しかし…そんな忙しい御仁だからこそ、この領地に新たな未来を見せてくれることができたかもな」
「ええ。まさか、私たちの茶葉に、こんな可能性があったとは…」
食べ残しを女性に味わわせてはいけないと言って、ロールケーキも、クッキーも、キャンディーも新しいのを多数『複製』しておいて言ってくれたのだ。
研究の参考にと、地球産の紅茶も、山ほど渡してくれた。
『食べ切れなさそうだったら、近所の領主や貴族たちに分けてやってもいいぞ。
うちの茶葉でこんなことができるんだ、といういい宣伝になるだろう』
とも付け加えてくれた。
昔からの茶の産地だから、別に宣伝などする気にもなっていなかったが、これからは違う。
「産地ならではの、新鮮な茶葉の味をわかってくれたのも嬉しかったけど…
『王都の連中にもわからせてやる』と言ったのは、一体どういうことだろう?」
「さあ…あのお方なら、新鮮なうちに運ぶ方法があるんでしょうけど…
流石に、そこまでしてくださる義理はないでしょうね」
「そうだな。この紅茶の製法を教えていただくだけで、うちの領地としては大恩を受けることになるからそれ以上を望んではいけない。
しかし…気になることが…」
「なんです?」
難しい顔をする夫に、ヴェラン・メアが聞いた。
「それが…
『遠いから来れないという連中を、来させてやるまでだ』と」
「あら…なんでしょう?」
***
「ご主人様!」
セレステが再び訪問して、紅茶と抹茶の製法の資料を渡して帰ってから、何日か後のある日。
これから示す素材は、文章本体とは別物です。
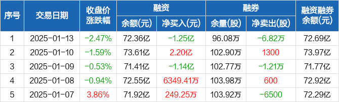 江淮汽车融资融券信息显示,2025年1月13日融资净偿还1.25亿元;融资余额72.36亿元,较前一日下降1.7%。
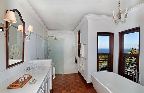 With an ocean panorama that is nothing short of awe-inspiring, this grand ten-bedroom villa with large airy rooms exuding sophisticated style, a terrific infinity pool, a cascading garden waterfall, children’s playground and the choice of outdoor or indoor air-conditioned living make this a one-of-a-kind villa. Occupying a commanding elevated location, Villa Amana offers magnificent ocean views and a backdrop of deeply forested hills and is just a short journey in one of the complimentary golf carts to all the amenities, legendary golf course and beach. Built in a striking colonial style with white-rendered walls, the villa is on two levels offering large rooms and a backdrop of tropical hillside forest. To the front, the commanding ocean view is truly spectacular and because of the elevation, at certain times of the day the curvature of the earth can be seen. The large circular courtyard entrance to the villa is backed by a spectacular hillside garden with a lovely water feature that cascades down. The bedrooms are very spacious offering air conditioning as well as ceiling fans. Most are designed to maximize the spectacular views with huge windows and private balconies. En-suite marble bathrooms with travertine floors accompany each bedroom with the master bathroom being clad in a beautiful white marble. All of the bedrooms are furnished with beautiful Jamaican mahogany four-poster beds. There are eight bedrooms in the core of the villa; two upstairs including the master and six downstairs. A further two bedrooms, both with king beds are in the west wing; one upstairs and one downstairs. Throughout, the white walls are accented with beautiful fabrics from Nina Campbell, Schumacher and Brunschwig and Fils. The main balcony of the villa easily accommodates 50 people for a cocktail party and is the natural lounging, entertaining and dining spot. A combination of modern rattan furniture and white upholstered sofas and armchairs invites relaxation and the mahogany dining table can seat 20 guests. The formal, air-conditioned dining room can seat 20 guests at the bench made mahogany table with elegant pineapple-back dining chairs. There are spectacular views out to sea as well as across the swimming pool and to the hills beyond. The large and exceptionally high-ceiling sitting room has three wide and tall openings onto the veranda bringing the stunning view of the ocean inside. These openings can be closed allowing the room to be air-conditioned if so wished. Comfort prevails with conversational groupings of large sofas and armchairs. There is also a grand piano which adds panache to cocktail hour. On the lower floor of the villa is a business office which is well-equipped with a computer, fax machine and printer. Outside is a superb infinity pool with poolside bar overlooking the sea with deep rattan pool chairs and plenty of umbrellas. A dedicated children’s playground with swings, a slide as well as a basketball court is always a hit with youngsters as is the pool table located on an upper veranda. Opposite the playground is a very well equipped private gym.
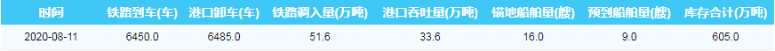 2020年8月11日秦皇岛港港口库存
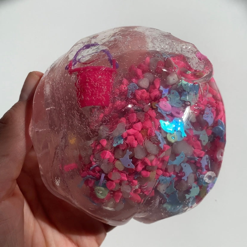 texture: gel x gravel w lots of fun beach fimos & glitters ✨
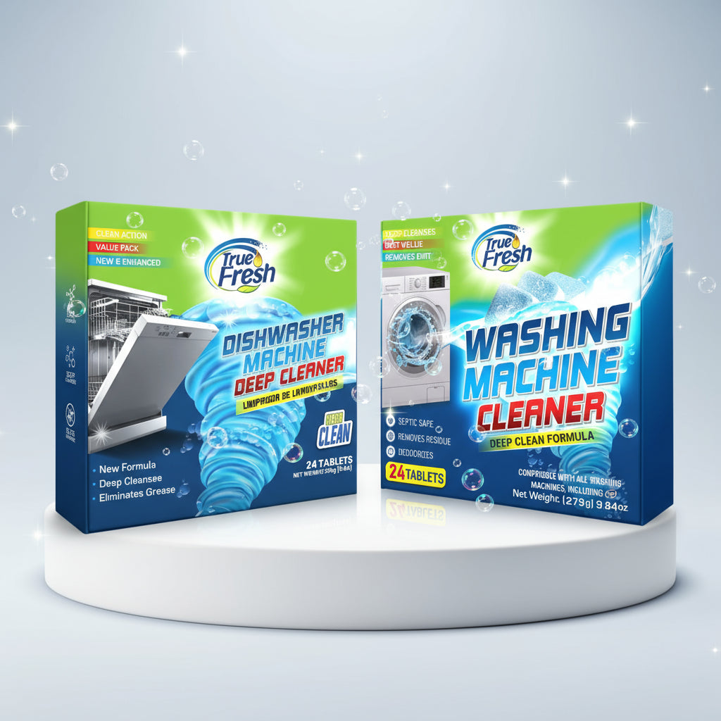 Get the best of both worlds. Each bundle includes True Fresh Washing Machine Cleaning Tablets and True Fresh Dishwasher Cleaner Tablets, offering a total of 24 tablets designed to clean, refresh, and protect your appliances for months.
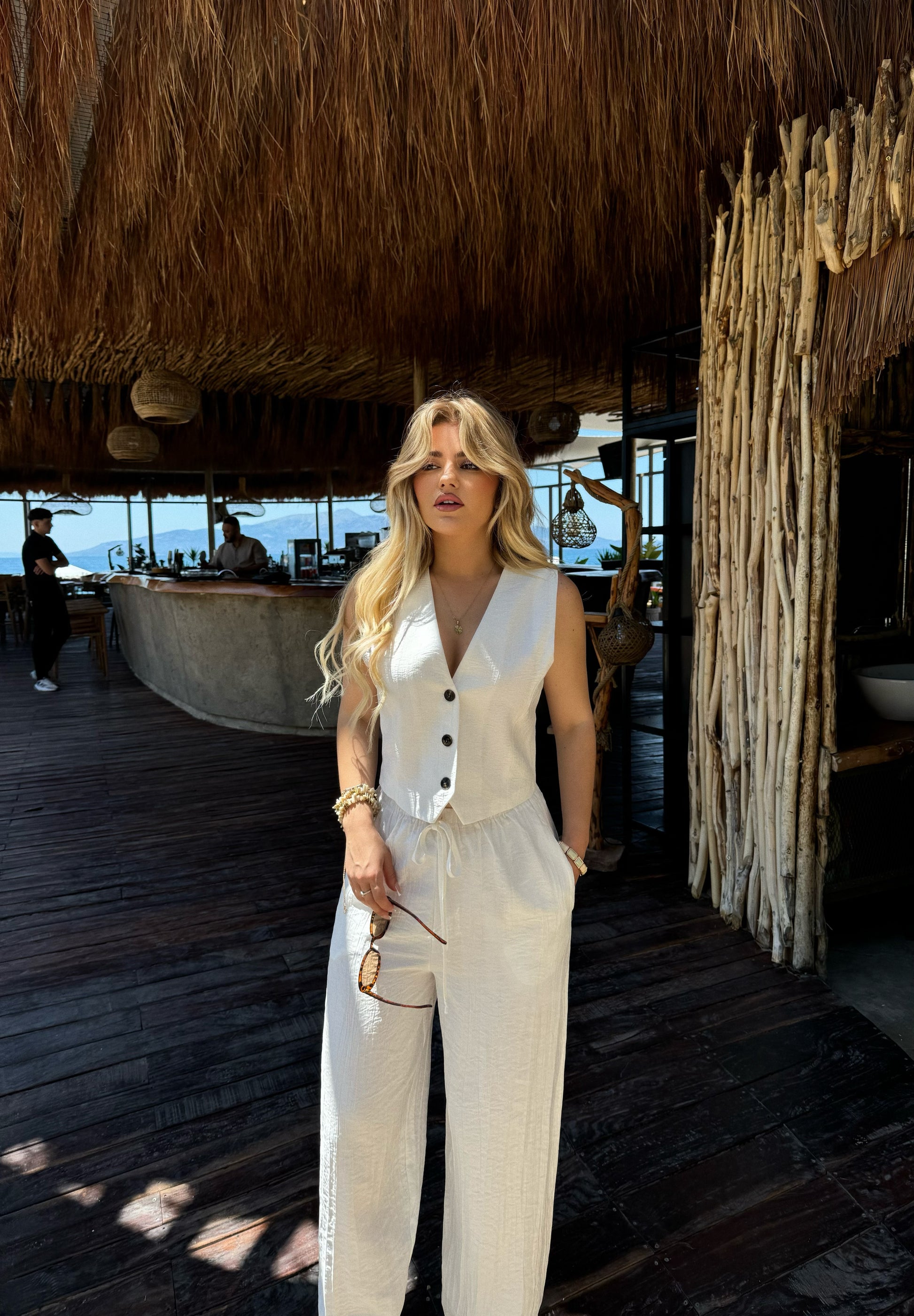 Set me jelek dhe pantallona te gjata. Eshte i lirshem si model dhe shume komod. Ka material te plote dhe cilesi fantastike.
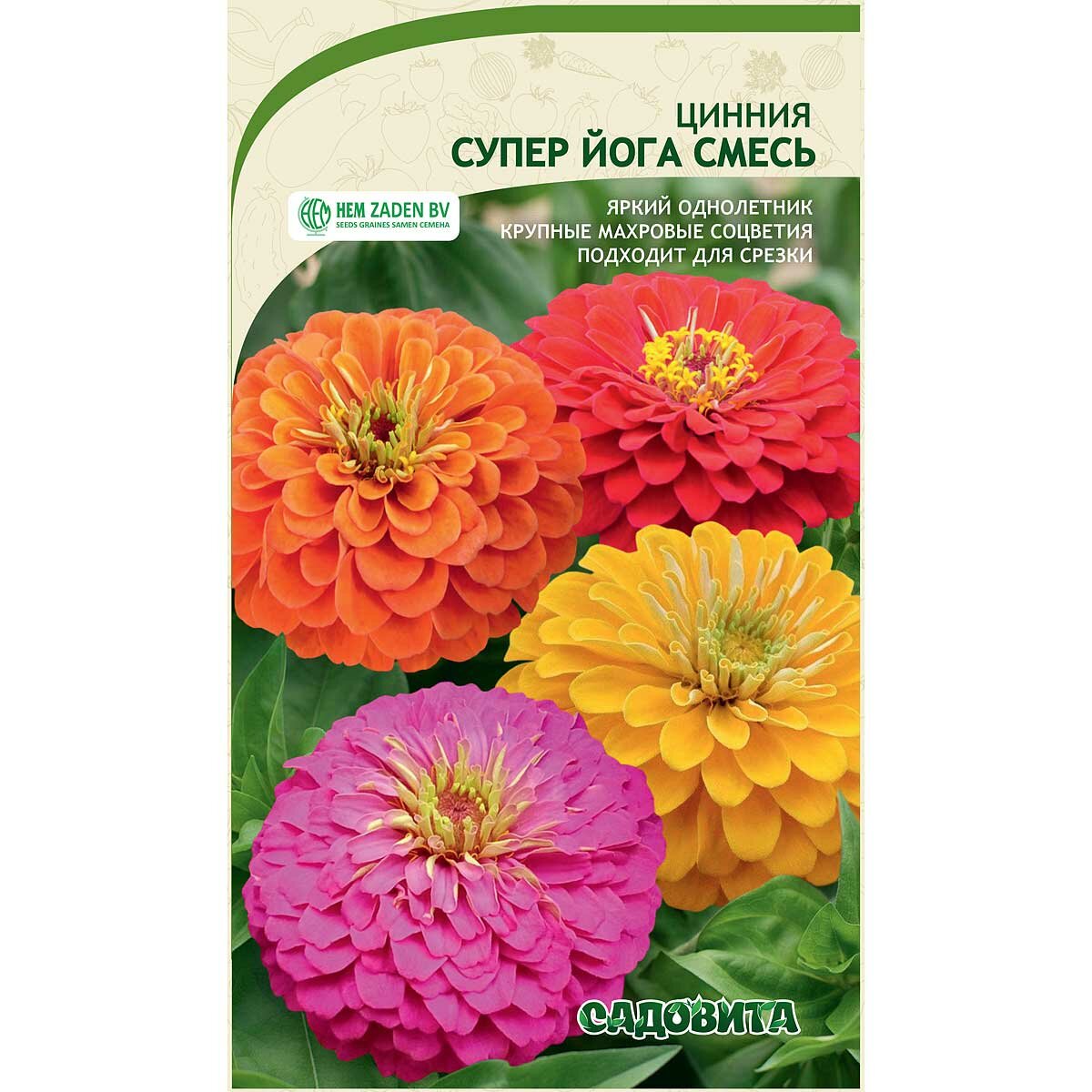 Купить Семена "Супер йога" цинии, однолетние, гибрид, махровые соцветия
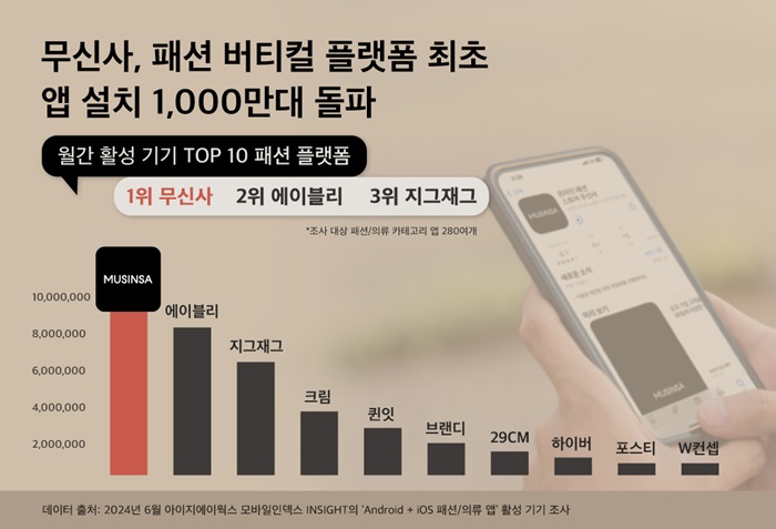 무신사가 모바일 빅데이터 플랫폼 기업 아이지에이웍스의 데이터 분석 솔루션 ‘모바일인덱스 INSIGHT’를 조사한 결과, 2024년 6월 기준 무신사 모바일 앱 활성 기기는 약 1022만 대로 집계됐다. 이는 양대 모바일 운영체제(OS)인 안드로이드(Android)와 애플의 iOS에서 무신사 앱이 설치된 기기를 집계한 것이다.

老執事のネダスがまたもや取り乱した態度で、資料を耽読していたヴェランの書斎に、今度はノックすらせず飛び込んできた。
「なんだ、ネダス、君らしくなー」
「そんな呑気なことを言っている場合か!
早く、早く外へ!」
「…あ?」
鬼気迫る執事の勢いに気押され、ヴェランは何事かと思いながら外に出てみた。
「な、なな、ななな、なななななんじゃありや!」
見上げた空から、巨大な岩盤、いや、大地が徐々に降下してきていた。
「お、落ちる!?」
「いや、それにしては速度が…」
混乱している家臣たちの中で、ヴェランはあることを思い出した。
「ま、まさかあれが噂の…?」
その瞬間、彼らの前に火花散らす扉-というか、結構巨大な、空間の切断面のようなものが現れた。
「やあ、マルク・ヴェラン。
私た。レギス・セレステことマルク・テンゲル」
「れ、レギス・セレステ?
これは一体…?」
「すまん、すまん。
貴殿の領地で味わった、あの新鮮な茶葉の味を自慢したらな…
さるお方が、ぜひ産地の味を味わってみたいと」
慌てていながらも、ヴェランはセレステの話に緊張を覚えた。
あの砕けた態度をとっていながらも、『さるお方』と。
レギス・バシである彼をして、ああ言わせるのは…
「あら、王父卿。
まるで私が無理を言ったような言い方ではございません?」
ゲートから歩き出たのは、軽い服装をしてはいるが、この国で一番高貴な女性ーー
王妃イーシャ、その人だった。
「お、王妃殿下!」
いくら王都に上がる機会がほぼない田舎貴族でも、年に一度ぐらいは王都に上がらなければならない。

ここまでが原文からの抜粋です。